== Provided records

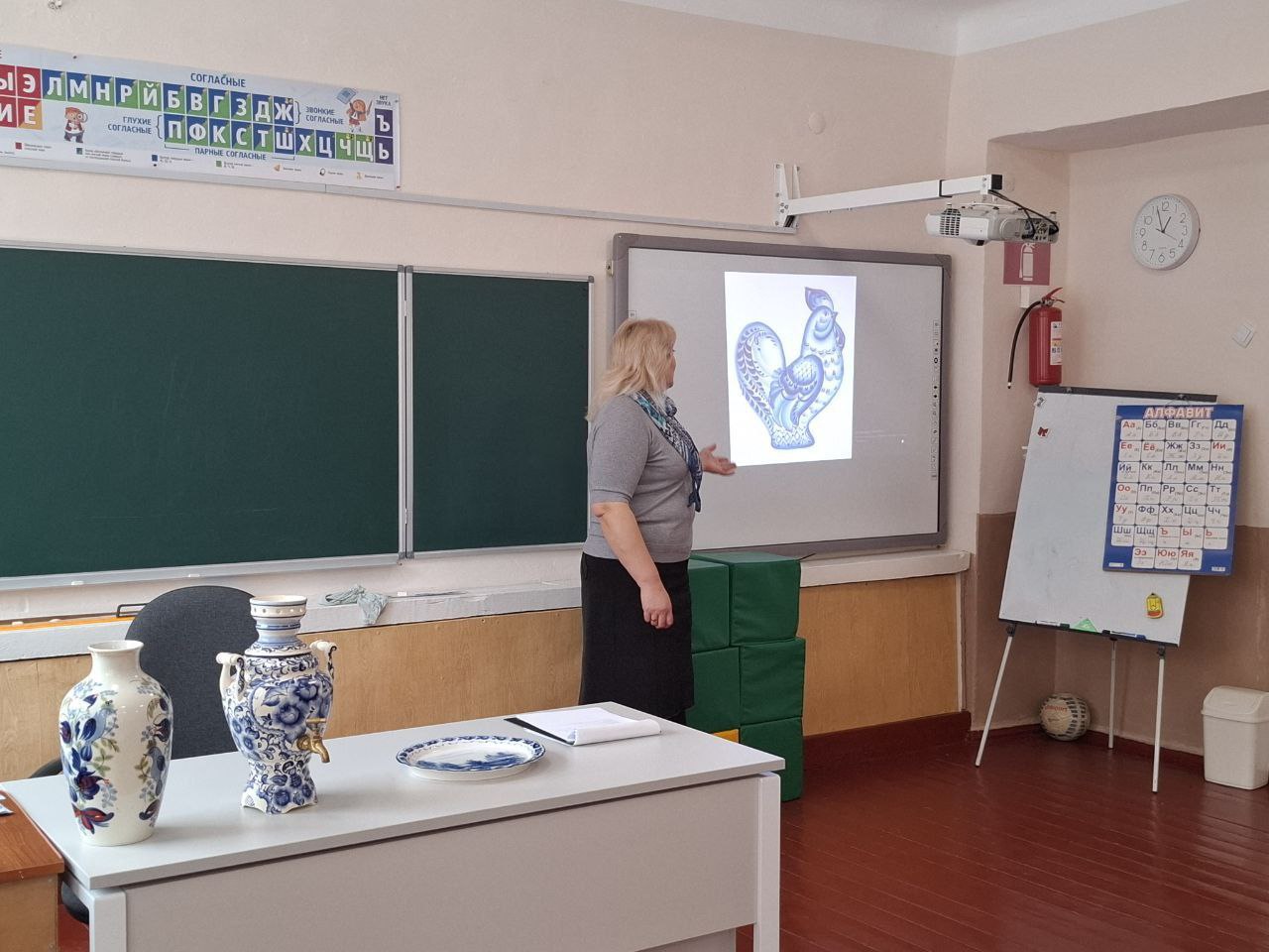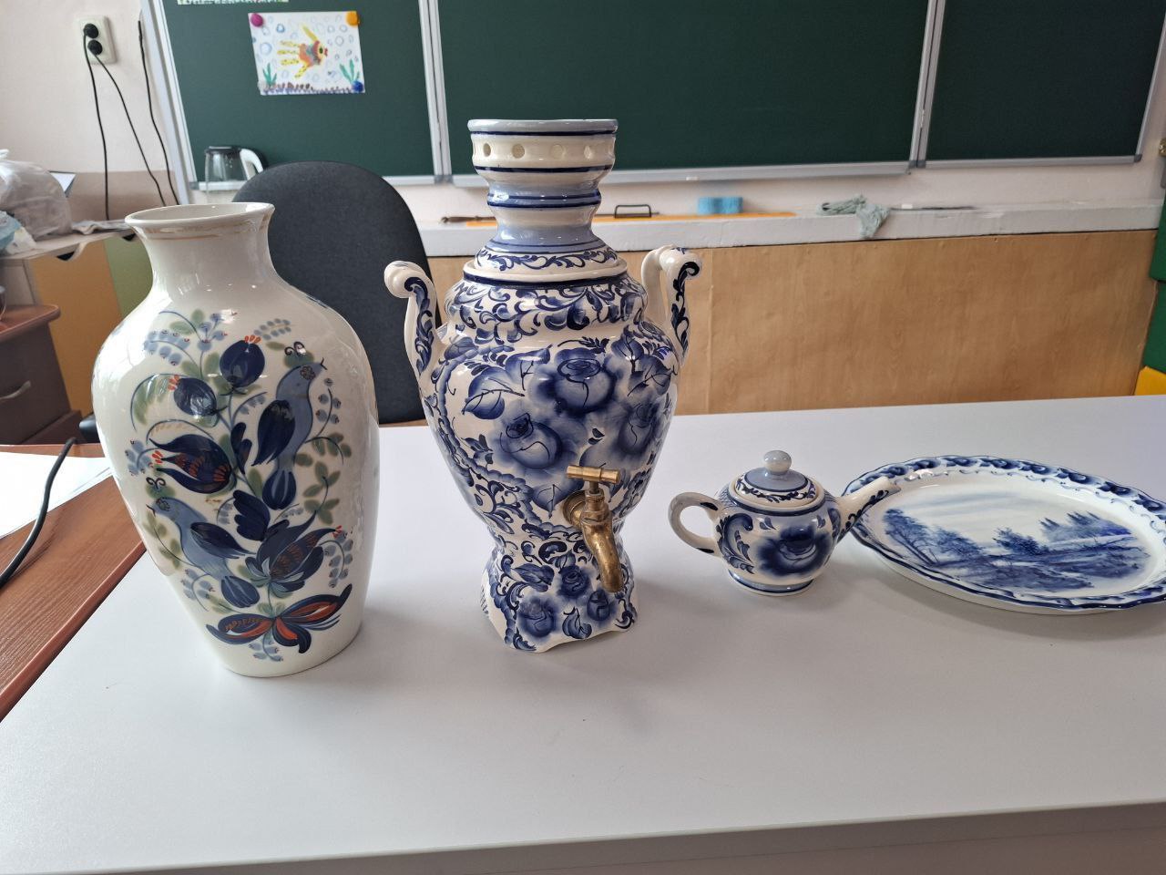 Отдельная благодарность директору и учителю младших классов Касапской Ирине Владимировне за организацию и помощь в проведении выставки гжельских изделий!
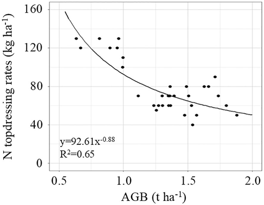 Figure 8. Relationship between AGB and N fertilization topdressing rates based on the data assimilation system.
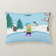 Winter scene girl's accent pillow personalized with child ice skating and 3 dogs watching.
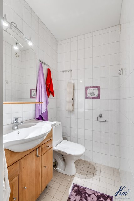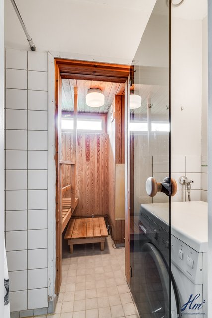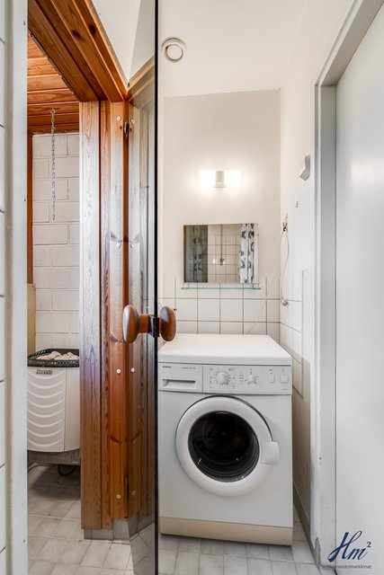 - Osin laatoitettu ja osin maalattu pesuhuone. Pesuhuoneessa on pesukoneliitäntä.
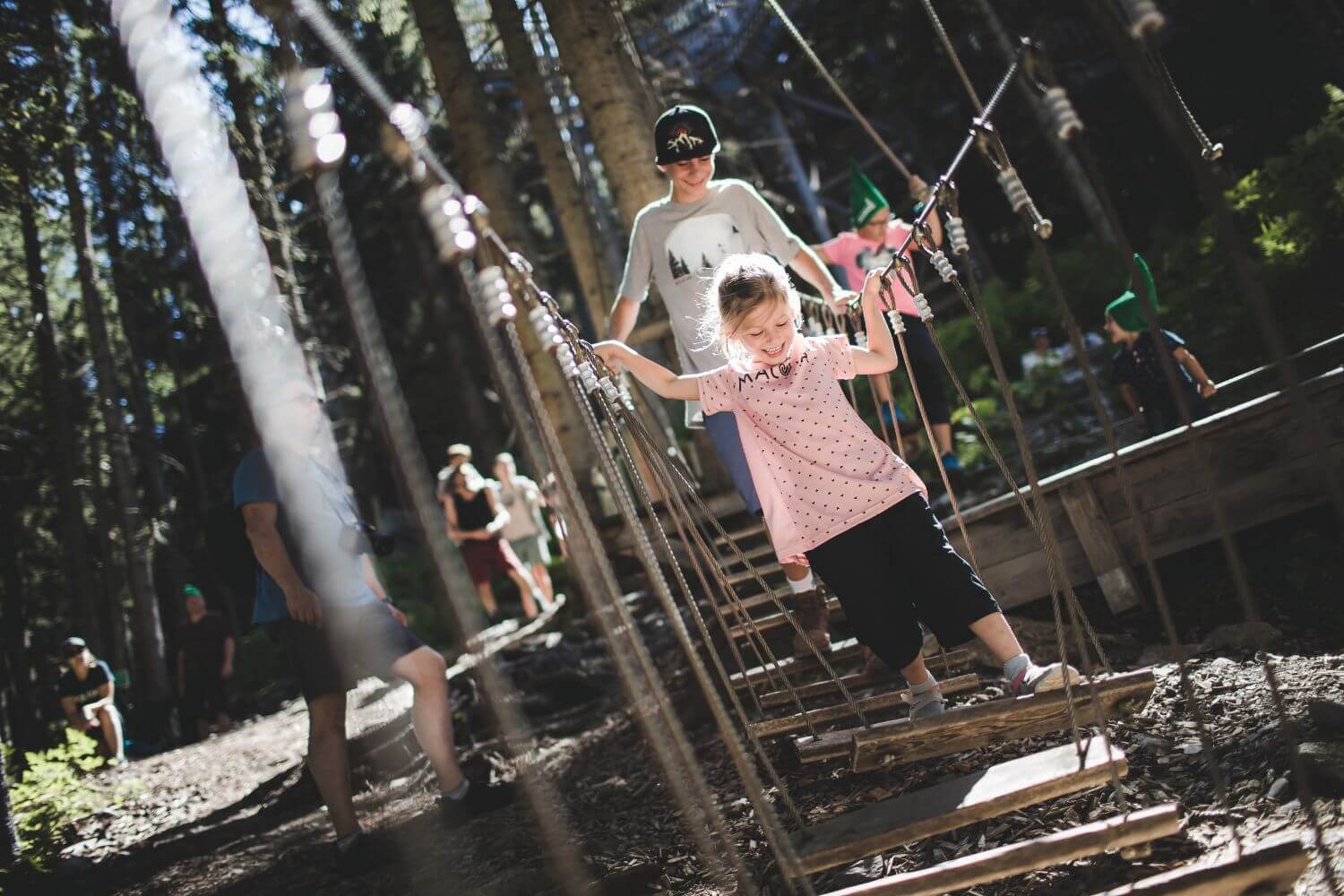 Jede Menge Action bieten die Angebote im Talschluss für größere Kinder und Erwachsene. Der Hochseilparcours ist mit einer Länge von 8 km und rund 200 Stationen Europas größter Hochseilgarten. Neu ab Sommer 2025 ist der Mini-Parcours, in dem auch Kinder ab 3 Jahren bereits ihre Kletterkünste unter Beweis stellen können. Im Jump & Slide Park erwarten euch Riesenrutsche, Megaspringtürme und eine 13 m lange Boulderwand.
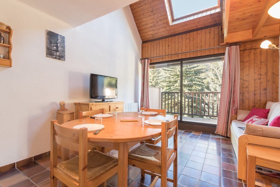 Chantemerle, Tamborel (05) Studio corner mountain + Mezzanine - approximately 40m² - 6 people This duplex apartment is composed as follows: - a mezzanine opening onto the living room, with a double bed 140 - a closed cabin with window and 2 bunk beds - living room with trundle sofa bed for 2 people, equipped with television - A kitchen area with a microwave cooker, 4 hobs, 1 fridge - A bathroom with shower and washbasin - The toilets are independent ski locker car park Pets are not allowed Cleaning with disinfection included

====

Print all entries exactly, without images.

*Output for this task*:
 Отдельная благодарность директору и учителю младших классов Касапской Ирине Владимировне за организацию и помощь в проведении выставки гжельских изделий!
 Figure 8. Relationship between AGB and N fertilization topdressing rates based on the data assimilation system.
 Winter scene girl's accent pillow personalized with child ice skating and 3 dogs watching.
 - Osin laatoitettu ja osin maalattu pesuhuone. Pesuhuoneessa on pesukoneliitäntä.
 Jede Menge Action bieten die Angebote im Talschluss für größere Kinder und Erwachsene. Der Hochseilparcours ist mit einer Länge von 8 km und rund 200 Stationen Europas größter Hochseilgarten. Neu ab Sommer 2025 ist der Mini-Parcours, in dem auch Kinder ab 3 Jahren bereits ihre Kletterkünste unter Beweis stellen können. Im Jump & Slide Park erwarten euch Riesenrutsche, Megaspringtürme und eine 13 m lange Boulderwand.
 Chantemerle, Tamborel (05) Studio corner mountain + Mezzanine - approximately 40m² - 6 people This duplex apartment is composed as follows: - a mezzanine opening onto the living room, with a double bed 140 - a closed cabin with window and 2 bunk beds - living room with trundle sofa bed for 2 people, equipped with television - A kitchen area with a microwave cooker, 4 hobs, 1 fridge - A bathroom with shower and washbasin - The toilets are independent ski locker car park Pets are not allowed Cleaning with disinfection included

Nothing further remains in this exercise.